→ **Data shown**:
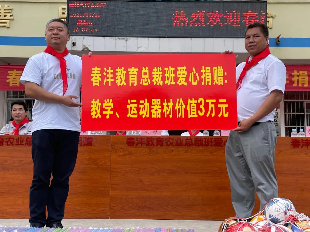 爱心助学情深,关爱学子意浓!在这次捐赠仪式上,春沣教育总裁班爱心捐赠了价值3万元的教学、运动器材,校方特送一面锦旗表示感谢,希望这些爱心物资能让孩子们更好地学习生活!
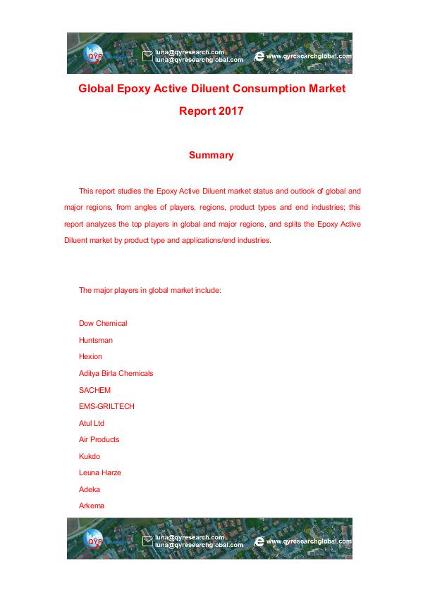QYRESEARCH Global Epoxy Active Diluent Consumption Market Rep
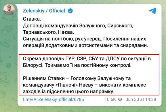 Через перекидання “вагнерівців” у білорусь Залужному та Наєву наказано посилити північний напрямок України, — Зеленський.

→ **Exercise description**: If a picture appears in the data, omit it; transcribe all the rest exactly.

→ **Answer to this problem**:
 爱心助学情深,关爱学子意浓!在这次捐赠仪式上,春沣教育总裁班爱心捐赠了价值3万元的教学、运动器材,校方特送一面锦旗表示感谢,希望这些爱心物资能让孩子们更好地学习生活!
QYRESEARCH Global Epoxy Active Diluent Consumption Market Rep
 Через перекидання “вагнерівців” у білорусь Залужному та Наєву наказано посилити північний напрямок України, — Зеленський.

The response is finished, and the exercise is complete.